10.1186/1471-244X-11-57

PMID

21481227

PMCID

PMC3082292

Abstract

Background Few longitudinal studies have explored lifetime criminality in adults with a childhood history of severe mental disorders. In the present study, we wanted to explore the association between adult delinquency and several different childhood diagnoses in an in-patient population. Of special interest was the impact of disturbance of activity and attention (ADHD) and mixed disorder of conduct and emotions on later delinquency, as these disorders have been variously associated with delinquent development. Methods Former Norwegian child psychiatric in-patients (n=541) were followed up 19-41 years after hospitalization by record linkage to the National Register of Criminality.

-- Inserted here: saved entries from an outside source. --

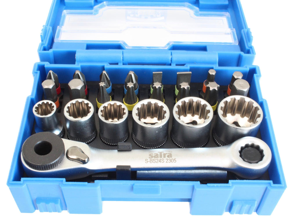 - Bity 1/4″: PH1, PH2, PZ1, PZ2, SL 4 mm, SL 6 mm, HEX3, HEX4, HEX5, HEX6, T10, T15, T20, T25, T30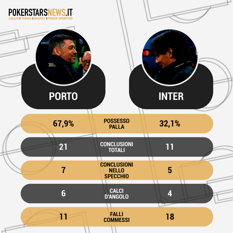 Non ci sono stati guizzi delle solite stelle della squadra, con l’Inter che in fase offensiva ha malamente sprecato le poche occasioni create (anche se in un paio di occasioni per l’intervento dell’ottimo Diogo Costa), ma la compattezza e lo spirito di gruppo sono stati encomiabili: Lautaro Martinez ha sbagliato molto in fase offensiva, ma è sempre sceso a rincorrere l’avversario fin nella sua metà campo; Calhanoglu ha rinunciato alle sue solite incursioni offensive (solo un paio di tiri fuori bersaglio) per rimanere basso ad aiutare la difesa, così come Mkhitaryan; lo stesso Lukaku che aveva deciso la gara di andata, entrato nel finale, è risultato decisivo più nello spazzare la propria area che nell’attaccare quella avversaria.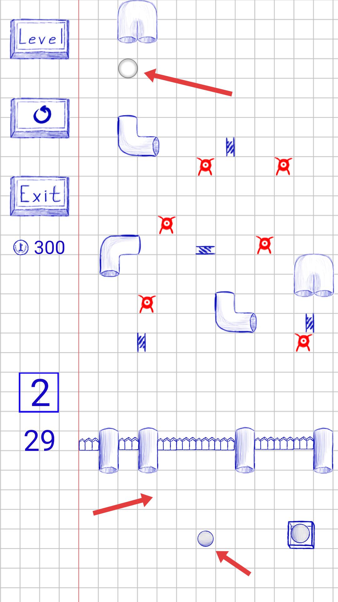 4、到了第二關(guān),場(chǎng)景更復(fù)雜,有多個(gè)管道和紅色機(jī)關(guān),要規(guī)劃小球移動(dòng)路徑,選擇正確管道,避開(kāi)機(jī)關(guān),到達(dá)目標(biāo)位置。
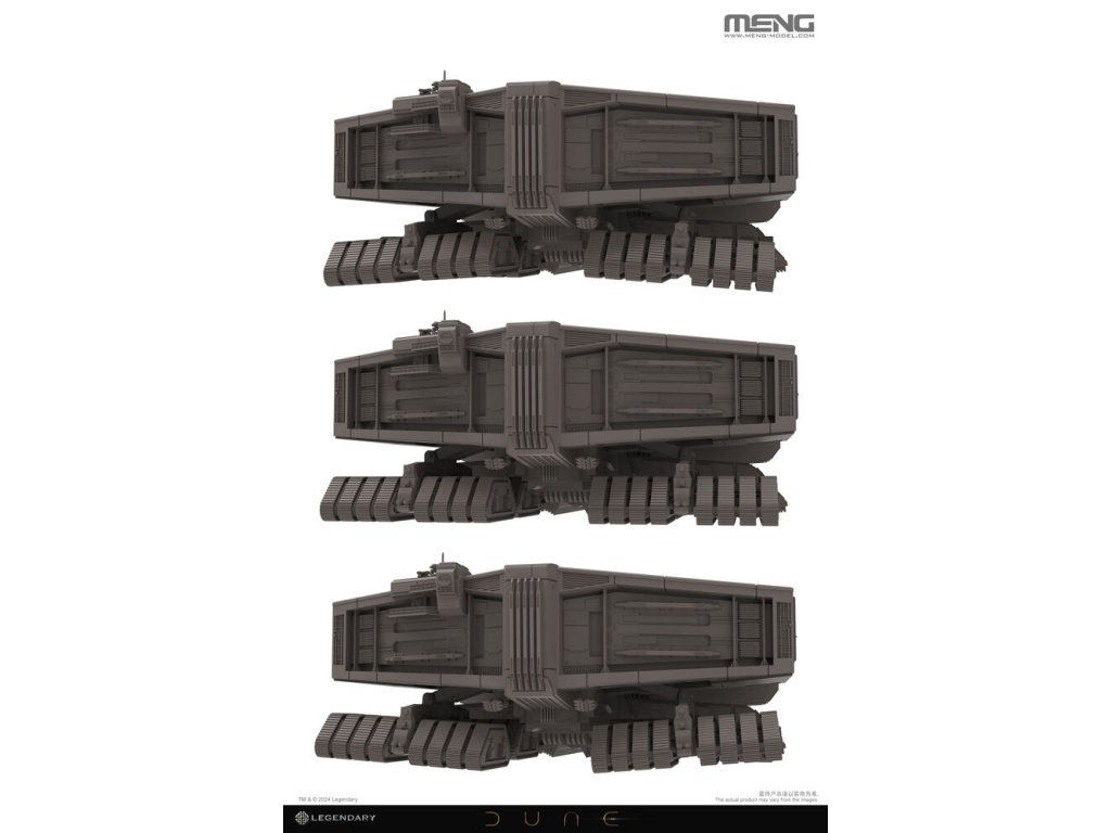 Plastový model Spice Harvester z filmu DUNE od spoločnosti MENG. Detailný model s pohyblivými pásmi a zberným zariadením. Stavebnica neobsahuje lepidlo ani farby.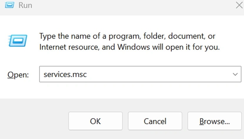 - Pressione Windows + R, digite services.msc e pressione Enter.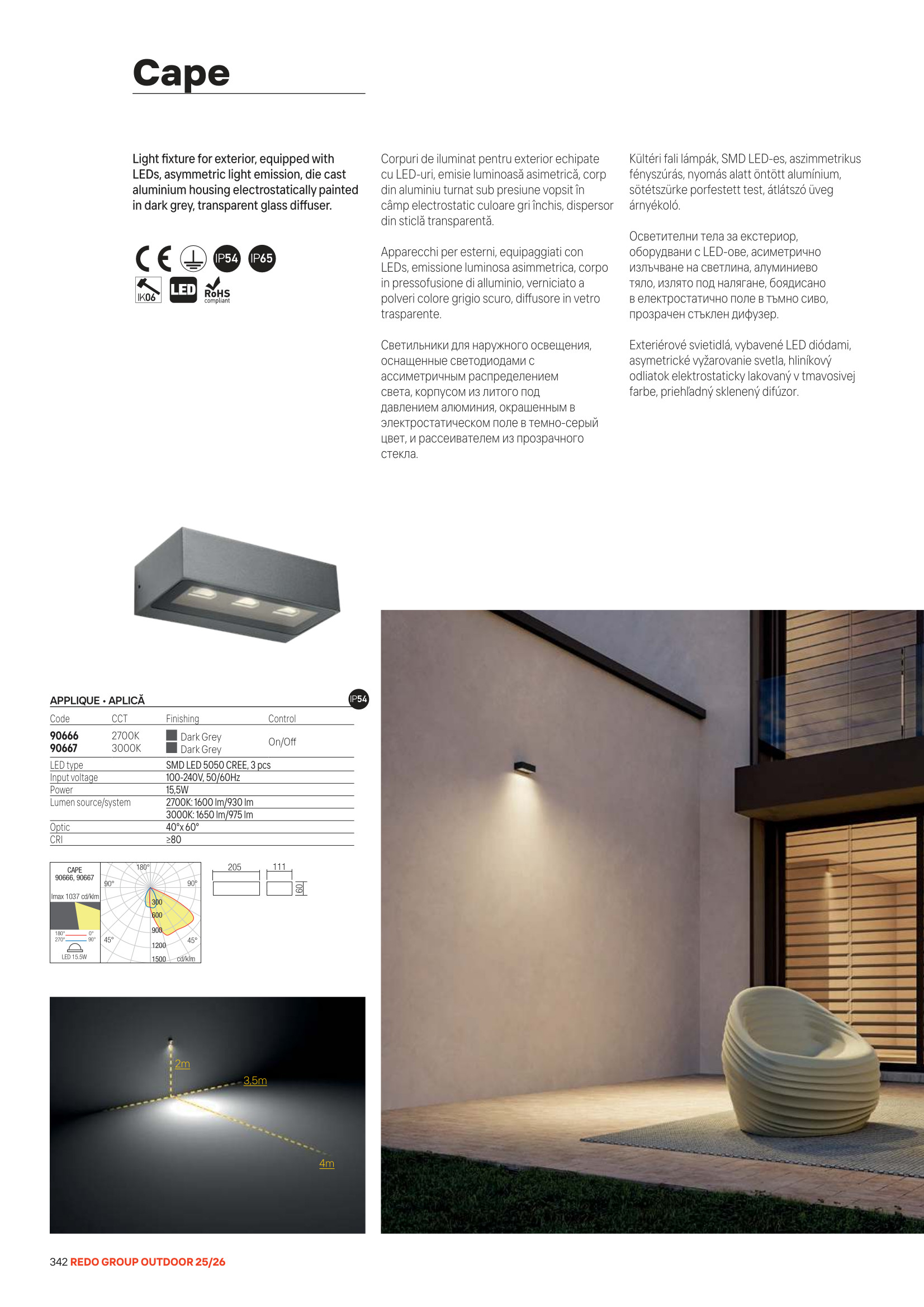Лед аплик, външна лампа 90667 ще осигури комфорт и естетика във всяко помещение, в което се постави. Цялостната визия и дизайн на led лампата и вложените в изработката й материали, като отлят под налягане алуминий с електростатично нанесено покритие в тъмно сиво, прозрачен стъклен дифузер, асиметрична дисперсия на светлината, ще допринесат за един неповторим стил. Благодарение на дългогодишния опит в производството на лед осветление, качествените материали и строгия контрол на качеството на изработка на дизайнерската линия Redo Outdoor на производителя Redo (Румъния), 90667 е на високо европейско ниво.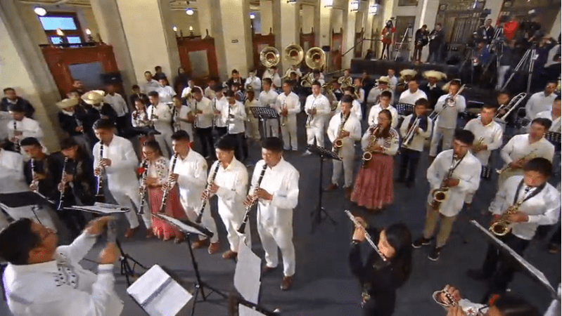 Luego de su gira por Quintana Roo, el presidente Andrés Manuel López Obrador este lunes entregaró instrumentos musicales a siete bandas de músicos indígenas oaxaqueños, que desde las cinco de la mañana llegaron a Palacio Nacional para recibirlos.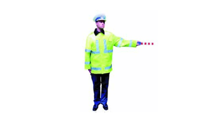 Brațele polițistului rutier întinse orizontal înseamnă "Oprire!" pentru toți participanții la trafic care, indiferent de de sensul lor de mers, circulă din direcțiile intersectate de brațele întinse.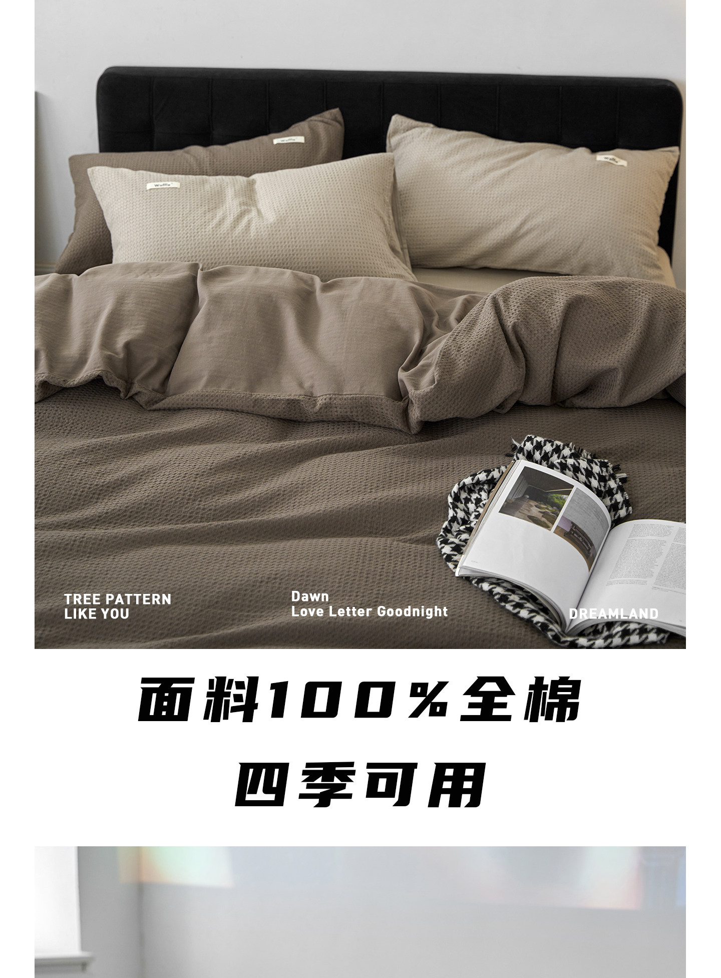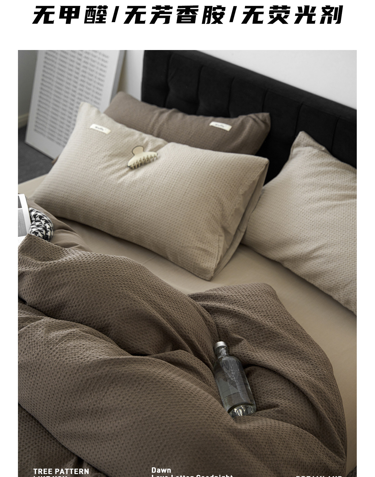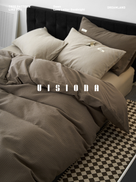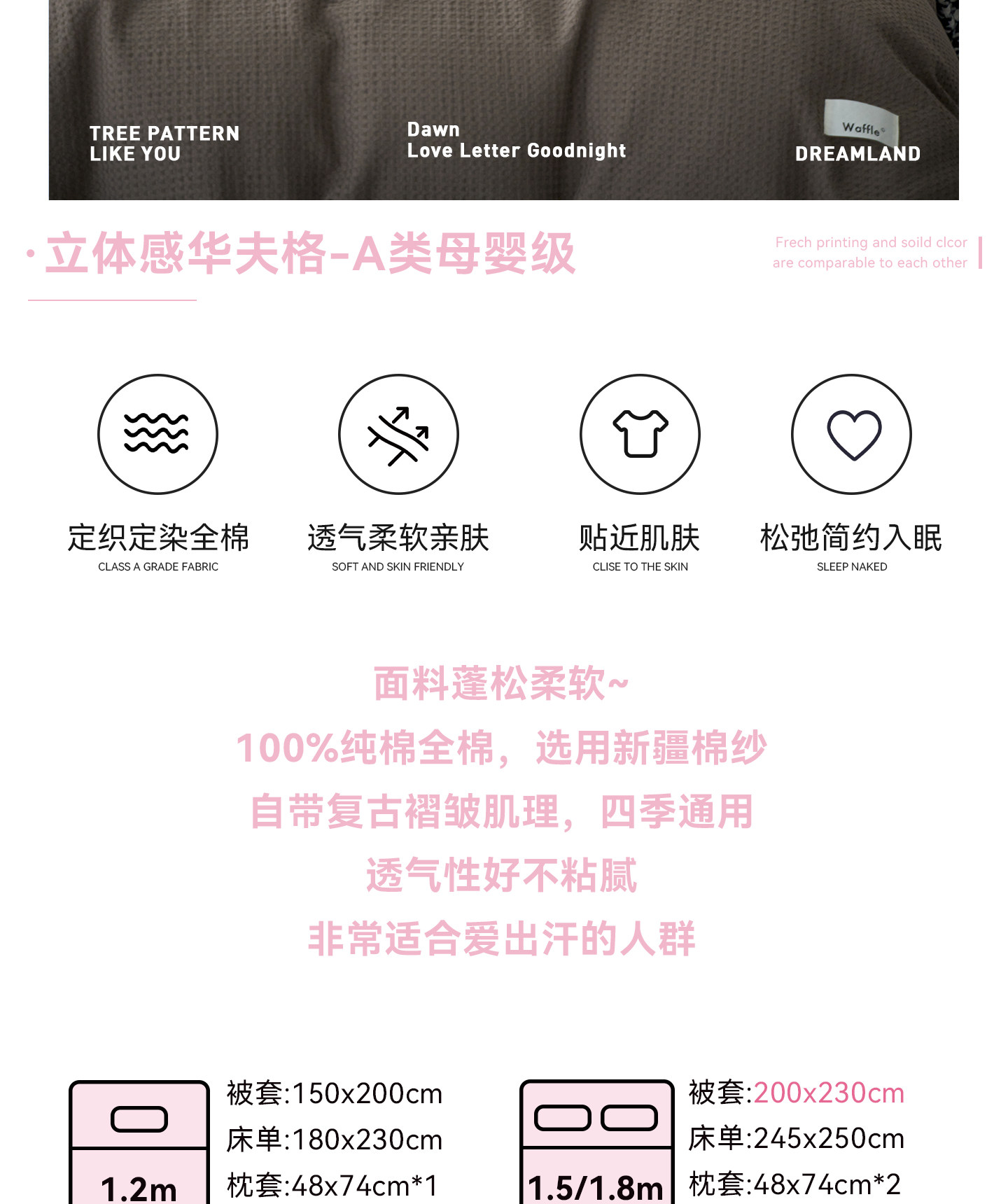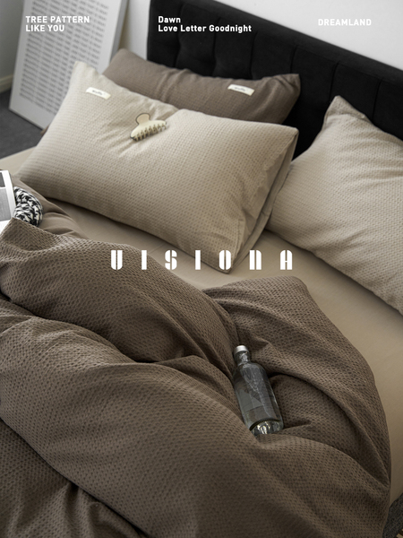 VISIONA幻想系列【柔光雾里】100%全棉华夫格四件套被套床单纯棉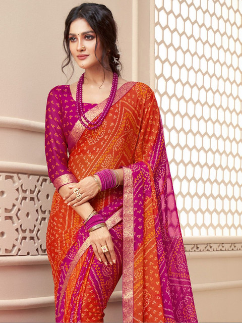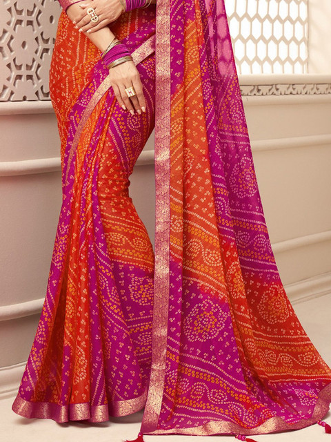 Just amazing fabric Georgette bandhani saree., giving a very elegant look. Perfect for gifting and pooja purpose.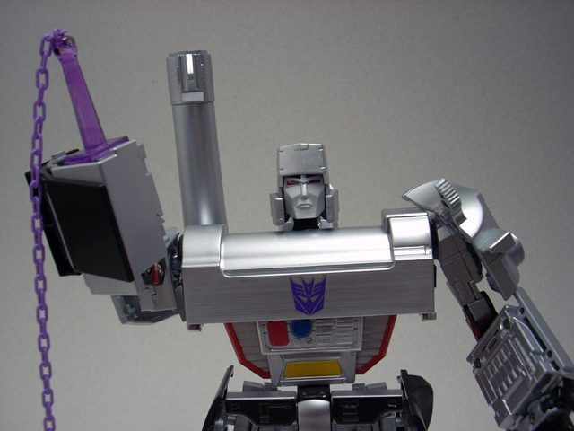 Un enorme blister in plastica racchiude il Megatron in forma umanoide, il mirino/cannone, una pistola vista nel lungometraggio a cavallo della seconda e terza stagione g1, una spada ed una mazza chiodata con catena.Tutte e tre le armi sono ben rifinite e verniciate, sia la spada che la pistola prevedono un fermo per assicurarle meglio nelle mani del Gattivone leggendario.Per utilizzare la mazza invece, come nel pm 01/04 si deve far rientrare una mano.In ultimo ma non per importanza:

On the basis of the hospital records, the patients were re-diagnosed according to ICD-10. The association between diagnoses and other baseline factors and later delinquency were investigated using univariate and multivariate Cox regression analyses. Results At follow-up, 24% of the participants had been convicted of criminal activity. In the multivariate Cox regression analysis,conduct disorder (RR=2.0, 95%CI= 1.2-3.4) and hyperkinetic conduct disorder (RR=2.7, 95% CI=1.6-4.4) significantly increased the risk of future criminal behaviour. Pervasive developmental disorder (RR=0.4, 95%CI=0.2-0.9) and mental retardation (RR= 0.4, 95%CI= 0.3-0.8) reduced the risk for a criminal act. Male gender (RR=3.6, 95%CI=2.1-6.1) and chronic family difficulties (RR= 1.3, 95% CI= 1.1-1.5) both predicted future criminality. Conclusions Conduct disorder in childhood was highly associated with later delinquency both alone or in combination with hyperactivity, but less associated when combined with an emotional disorder. ADHD in childhood was no more associated with later delinquency than the rest of the disorders in the study population. Our finding strengthens the assumption that there is no direct association between ADHD and criminality.